__Task objective__
Output a character-exact copy of the data, images removed.

##### Data extract #####

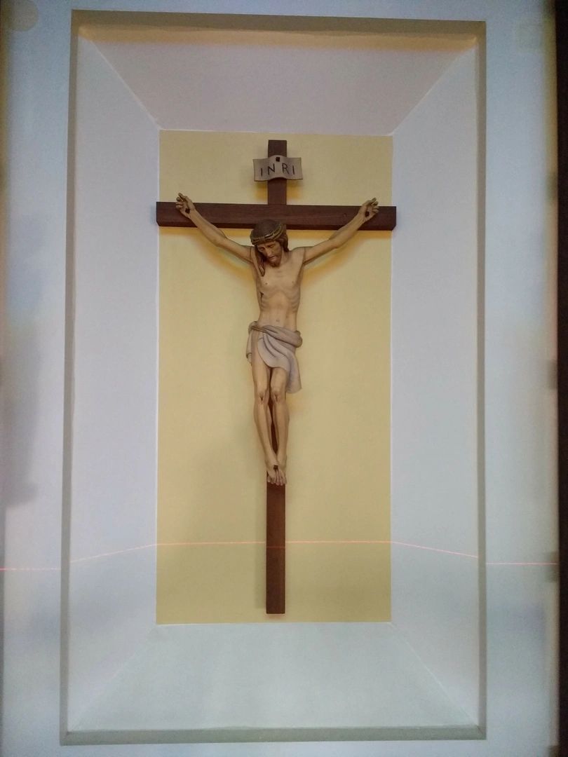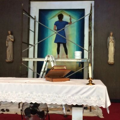 In the second (before) picture, you can see that Jesus is lost in a lack of reverence. This is a giant oil painting. The theme was the psalm. My intention was to create a feeling of depth around Jesus, and give Jesus due reverence in giving Him more focus on the eyes thus the hearts and minds of all those that actually see Him, as opposed to just noticing Him before his surrounding was painted. The eyes cannot help but see Him. He is out of the depths and the brilliance around Him is like the brilliance of the resurrection, heaven and He who is light and love. My hope is that more will be drawn to Him physically and spiritually in experiencing Jesus in this way.
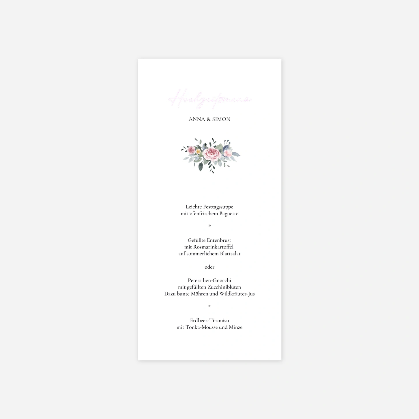 Die Menükarte "Herzensnähe" begleitet Ihre Gäste geschmackvoll durch den Abend. Sie rundet das Tischbild ab und informiert auf elegante Weise über die kulinarischen Highlights Ihrer Hochzeit.
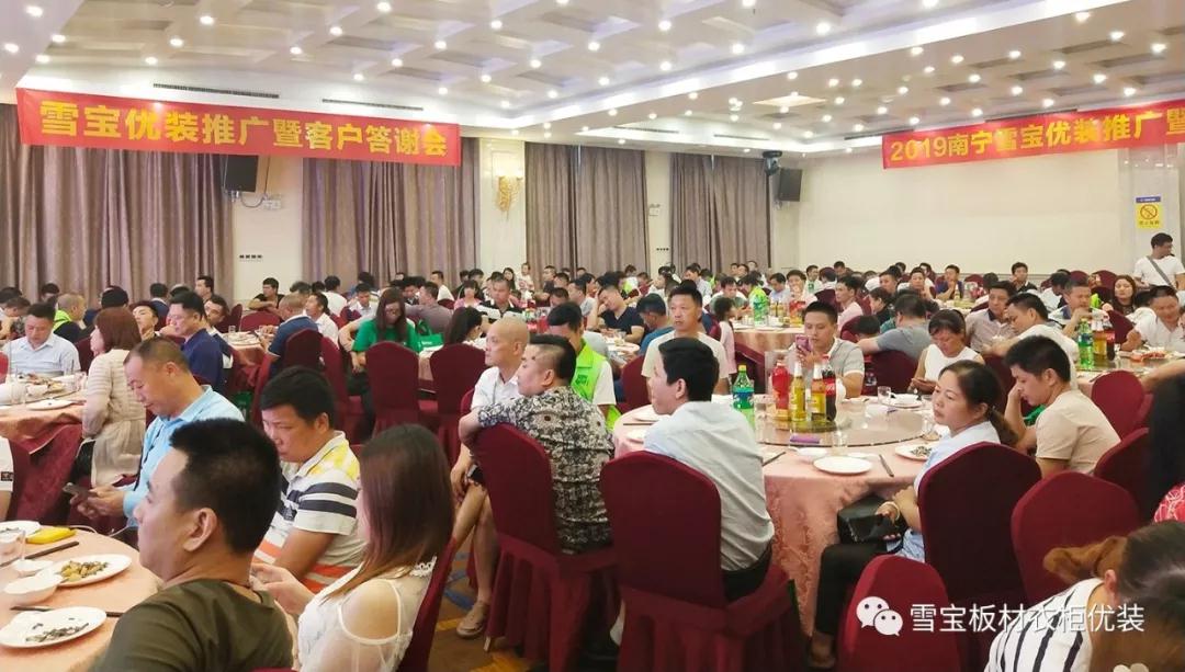 2019年5月22日,雪寶優(yōu)裝廣西運營中心2019優(yōu)裝推廣暨客戶答謝會盛大舉行,來自南寧地區(qū)合作裝飾公司以及木工師傅等逾260位來賓朋友蒞臨活動現(xiàn)場,活動中設立簽到禮、有獎問答、幸運抽獎等環(huán)節(jié),整場活動氛圍其樂融融,讓每一位來賓朋友深深感受到雪寶優(yōu)裝廣西運營中心團隊的熱情和十足誠意!

#####

__Exercise solution__
 In the second (before) picture, you can see that Jesus is lost in a lack of reverence. This is a giant oil painting. The theme was the psalm. My intention was to create a feeling of depth around Jesus, and give Jesus due reverence in giving Him more focus on the eyes thus the hearts and minds of all those that actually see Him, as opposed to just noticing Him before his surrounding was painted. The eyes cannot help but see Him. He is out of the depths and the brilliance around Him is like the brilliance of the resurrection, heaven and He who is light and love. My hope is that more will be drawn to Him physically and spiritually in experiencing Jesus in this way.
 Die Menükarte "Herzensnähe" begleitet Ihre Gäste geschmackvoll durch den Abend. Sie rundet das Tischbild ab und informiert auf elegante Weise über die kulinarischen Highlights Ihrer Hochzeit.
 2019年5月22日,雪寶優(yōu)裝廣西運營中心2019優(yōu)裝推廣暨客戶答謝會盛大舉行,來自南寧地區(qū)合作裝飾公司以及木工師傅等逾260位來賓朋友蒞臨活動現(xiàn)場,活動中設立簽到禮、有獎問答、幸運抽獎等環(huán)節(jié),整場活動氛圍其樂融融,讓每一位來賓朋友深深感受到雪寶優(yōu)裝廣西運營中心團隊的熱情和十足誠意!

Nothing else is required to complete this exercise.